* To do
Reproduce exactly the lines from the one containing "Dann hab ich" through the last line of the records below, both included. Leave out any pictures.

(Collected data)
Segment Open

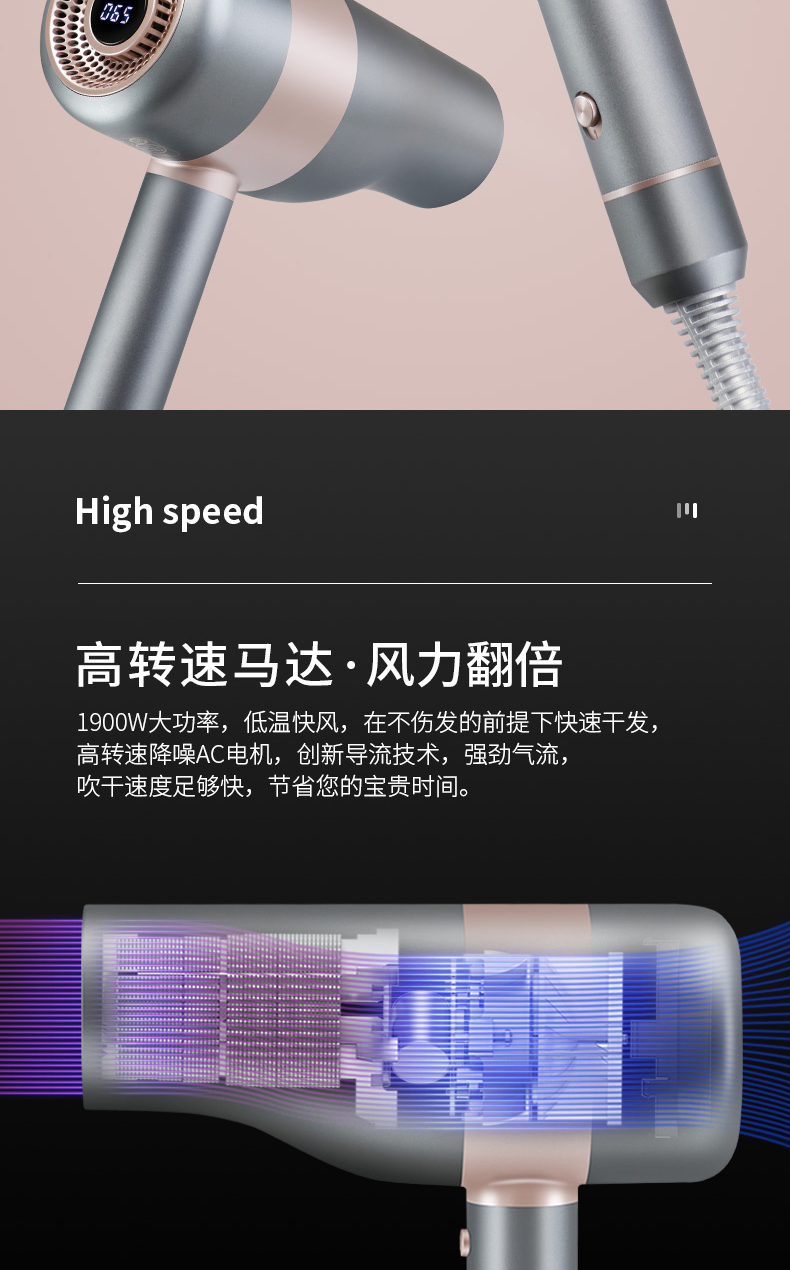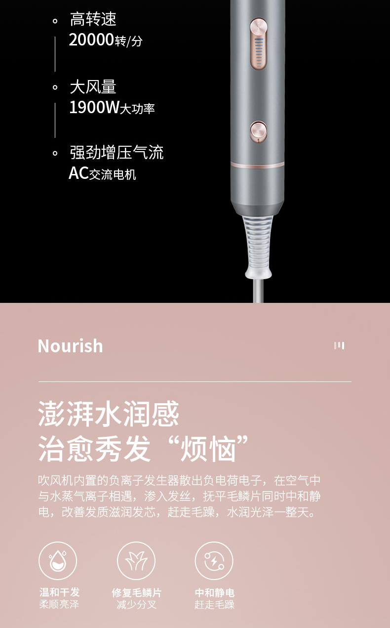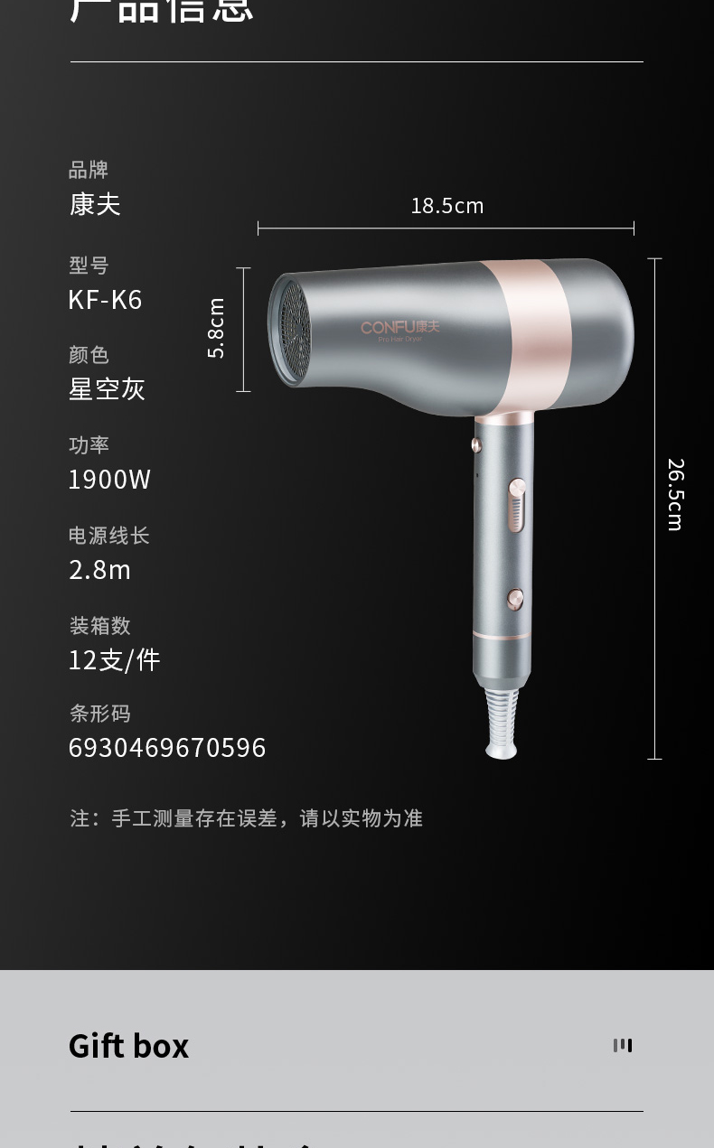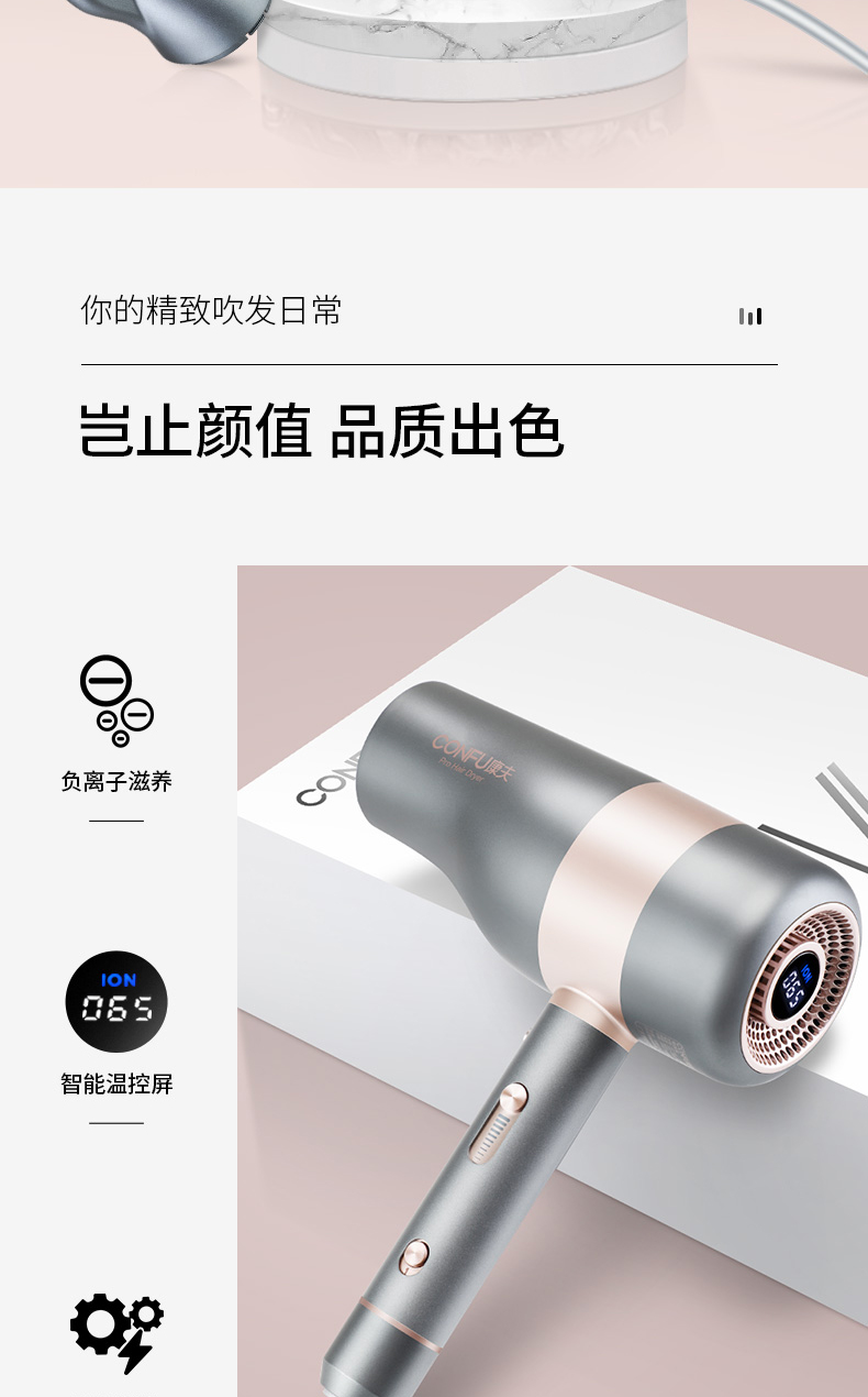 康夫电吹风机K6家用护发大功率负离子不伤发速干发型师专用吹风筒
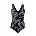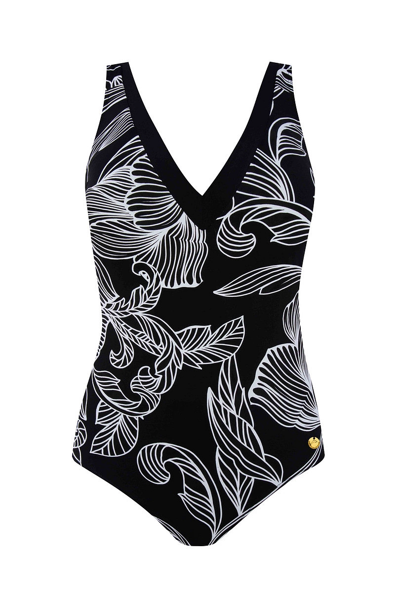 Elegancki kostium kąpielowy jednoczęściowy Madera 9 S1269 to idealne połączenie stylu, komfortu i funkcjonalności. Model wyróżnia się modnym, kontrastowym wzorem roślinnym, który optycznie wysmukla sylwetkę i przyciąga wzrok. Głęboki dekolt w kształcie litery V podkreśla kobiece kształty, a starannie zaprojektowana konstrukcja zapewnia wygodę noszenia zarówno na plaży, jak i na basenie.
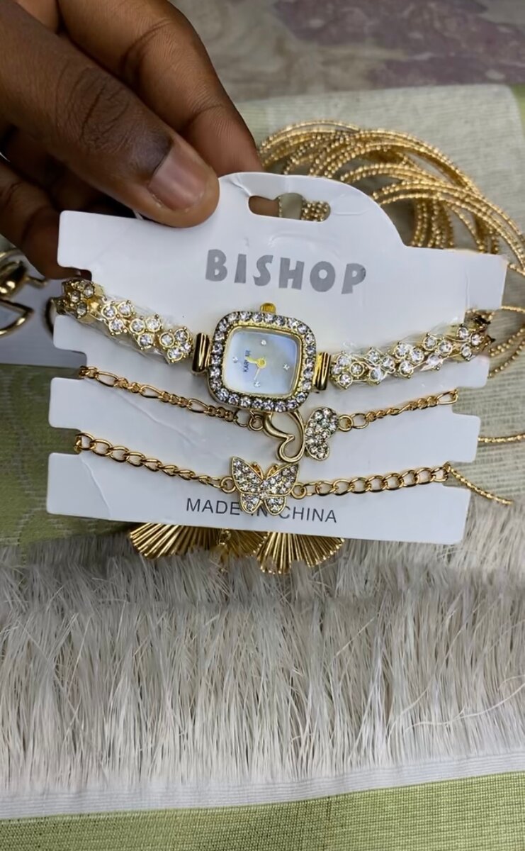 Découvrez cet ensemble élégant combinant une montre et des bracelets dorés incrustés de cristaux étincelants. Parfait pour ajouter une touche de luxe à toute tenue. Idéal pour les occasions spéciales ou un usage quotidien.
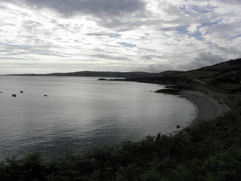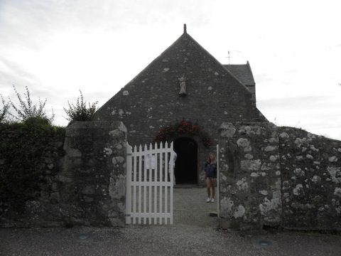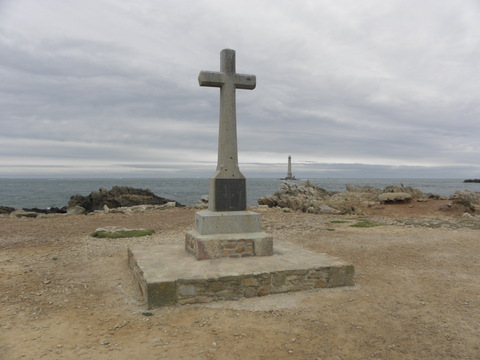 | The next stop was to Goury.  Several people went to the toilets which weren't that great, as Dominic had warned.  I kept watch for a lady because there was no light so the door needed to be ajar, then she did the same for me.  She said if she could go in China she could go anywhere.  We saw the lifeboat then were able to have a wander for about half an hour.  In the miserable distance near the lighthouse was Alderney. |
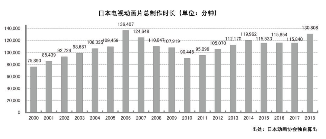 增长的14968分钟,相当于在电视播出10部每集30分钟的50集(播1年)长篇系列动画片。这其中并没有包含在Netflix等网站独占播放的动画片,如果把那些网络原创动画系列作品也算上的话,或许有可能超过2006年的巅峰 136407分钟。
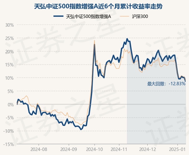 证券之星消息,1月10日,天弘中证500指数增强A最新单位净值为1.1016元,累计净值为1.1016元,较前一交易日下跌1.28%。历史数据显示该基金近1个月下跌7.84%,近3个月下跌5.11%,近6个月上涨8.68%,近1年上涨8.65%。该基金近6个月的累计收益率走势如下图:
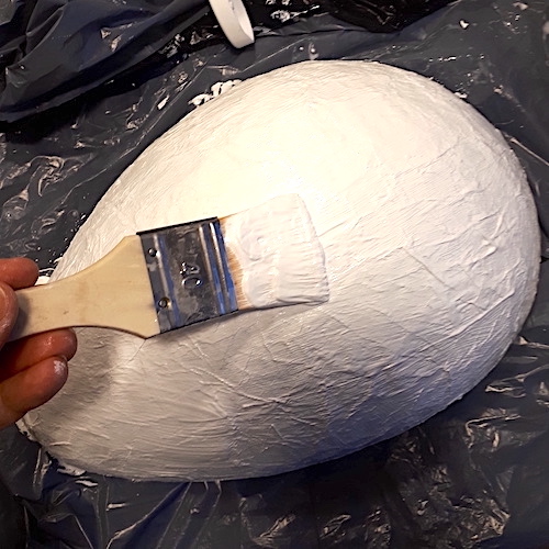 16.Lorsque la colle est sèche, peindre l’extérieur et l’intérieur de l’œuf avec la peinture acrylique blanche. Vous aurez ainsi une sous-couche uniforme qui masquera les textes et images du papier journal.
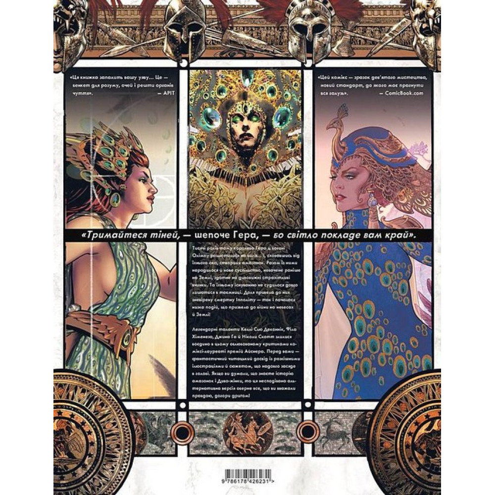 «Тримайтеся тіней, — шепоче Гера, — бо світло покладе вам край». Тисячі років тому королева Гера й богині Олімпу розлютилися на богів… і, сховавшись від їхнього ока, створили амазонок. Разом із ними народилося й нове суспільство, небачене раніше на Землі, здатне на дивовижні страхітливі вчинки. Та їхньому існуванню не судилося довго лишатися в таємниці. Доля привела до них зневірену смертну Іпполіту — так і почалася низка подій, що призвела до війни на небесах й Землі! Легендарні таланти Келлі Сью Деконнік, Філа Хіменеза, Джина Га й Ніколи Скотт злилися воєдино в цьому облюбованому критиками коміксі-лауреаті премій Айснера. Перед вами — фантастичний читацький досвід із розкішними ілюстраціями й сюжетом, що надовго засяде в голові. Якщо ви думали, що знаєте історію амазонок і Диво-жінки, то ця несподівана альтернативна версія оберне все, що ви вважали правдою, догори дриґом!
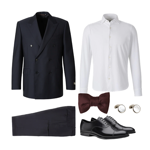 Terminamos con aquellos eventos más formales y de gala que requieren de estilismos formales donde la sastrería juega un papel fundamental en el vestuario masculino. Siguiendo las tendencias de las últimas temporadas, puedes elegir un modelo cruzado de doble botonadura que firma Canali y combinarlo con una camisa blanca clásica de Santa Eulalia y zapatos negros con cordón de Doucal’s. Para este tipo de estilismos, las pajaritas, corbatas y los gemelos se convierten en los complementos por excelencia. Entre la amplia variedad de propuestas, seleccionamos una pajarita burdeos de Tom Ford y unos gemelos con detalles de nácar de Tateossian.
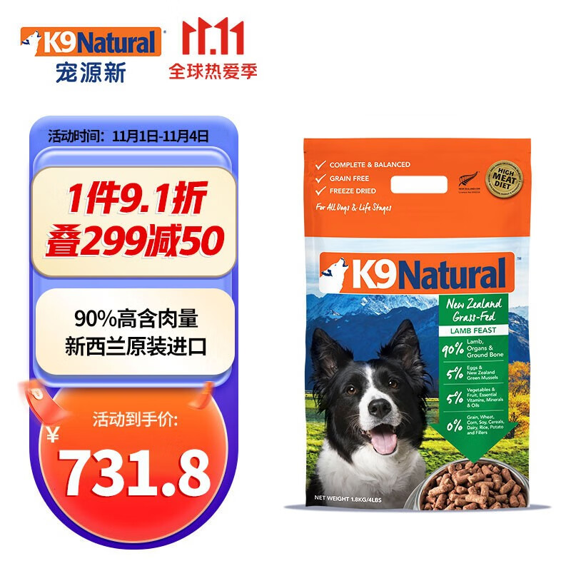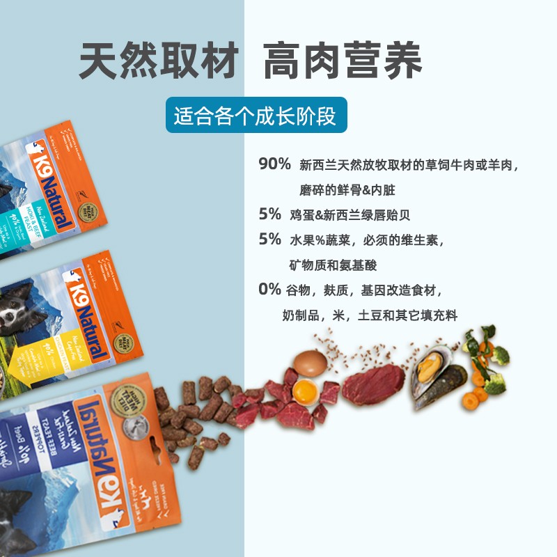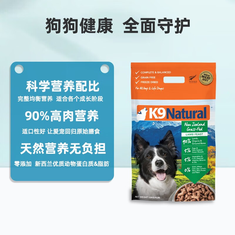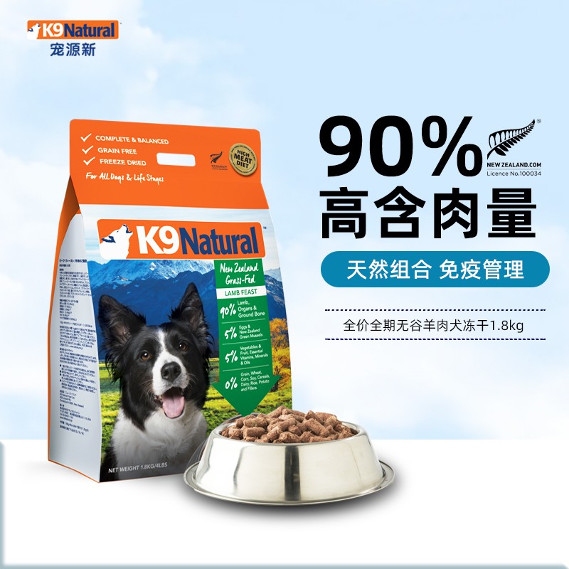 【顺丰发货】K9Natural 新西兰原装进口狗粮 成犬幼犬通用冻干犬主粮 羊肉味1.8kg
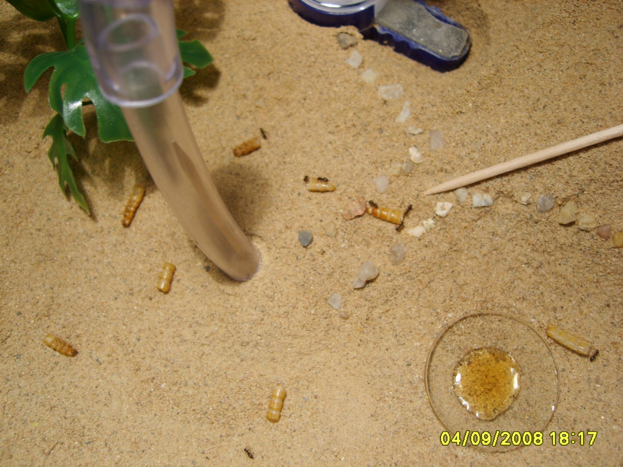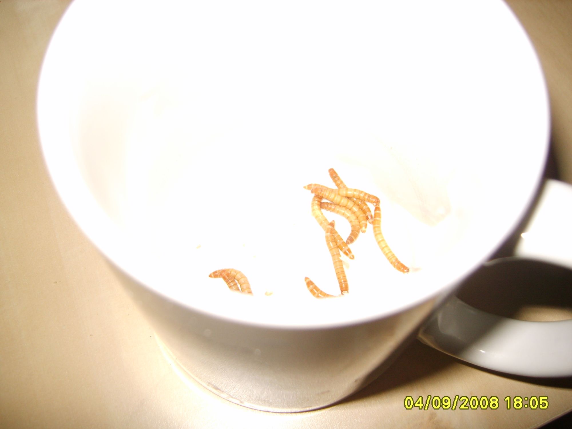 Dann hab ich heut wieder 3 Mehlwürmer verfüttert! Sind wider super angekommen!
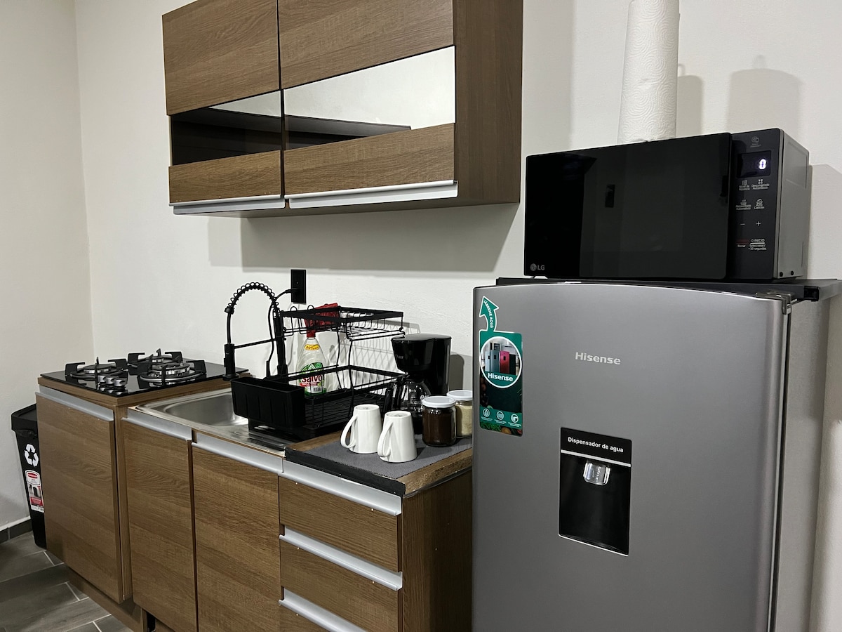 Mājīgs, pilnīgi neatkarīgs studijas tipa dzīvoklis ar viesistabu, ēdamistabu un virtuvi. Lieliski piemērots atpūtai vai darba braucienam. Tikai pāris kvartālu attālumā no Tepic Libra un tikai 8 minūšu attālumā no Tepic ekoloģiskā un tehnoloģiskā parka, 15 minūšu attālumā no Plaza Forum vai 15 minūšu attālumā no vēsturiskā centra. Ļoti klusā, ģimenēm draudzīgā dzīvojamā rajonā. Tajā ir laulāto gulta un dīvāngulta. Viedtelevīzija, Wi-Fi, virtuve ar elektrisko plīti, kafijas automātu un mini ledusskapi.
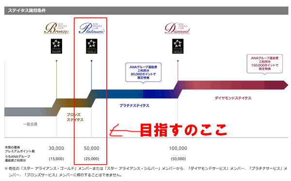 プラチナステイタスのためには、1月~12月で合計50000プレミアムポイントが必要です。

Segment Closed

* Solution to this exercise
 Dann hab ich heut wieder 3 Mehlwürmer verfüttert! Sind wider super angekommen!
 Mājīgs, pilnīgi neatkarīgs studijas tipa dzīvoklis ar viesistabu, ēdamistabu un virtuvi. Lieliski piemērots atpūtai vai darba braucienam. Tikai pāris kvartālu attālumā no Tepic Libra un tikai 8 minūšu attālumā no Tepic ekoloģiskā un tehnoloģiskā parka, 15 minūšu attālumā no Plaza Forum vai 15 minūšu attālumā no vēsturiskā centra. Ļoti klusā, ģimenēm draudzīgā dzīvojamā rajonā. Tajā ir laulāto gulta un dīvāngulta. Viedtelevīzija, Wi-Fi, virtuve ar elektrisko plīti, kafijas automātu un mini ledusskapi.
 プラチナステイタスのためには、1月~12月で合計50000プレミアムポイントが必要です。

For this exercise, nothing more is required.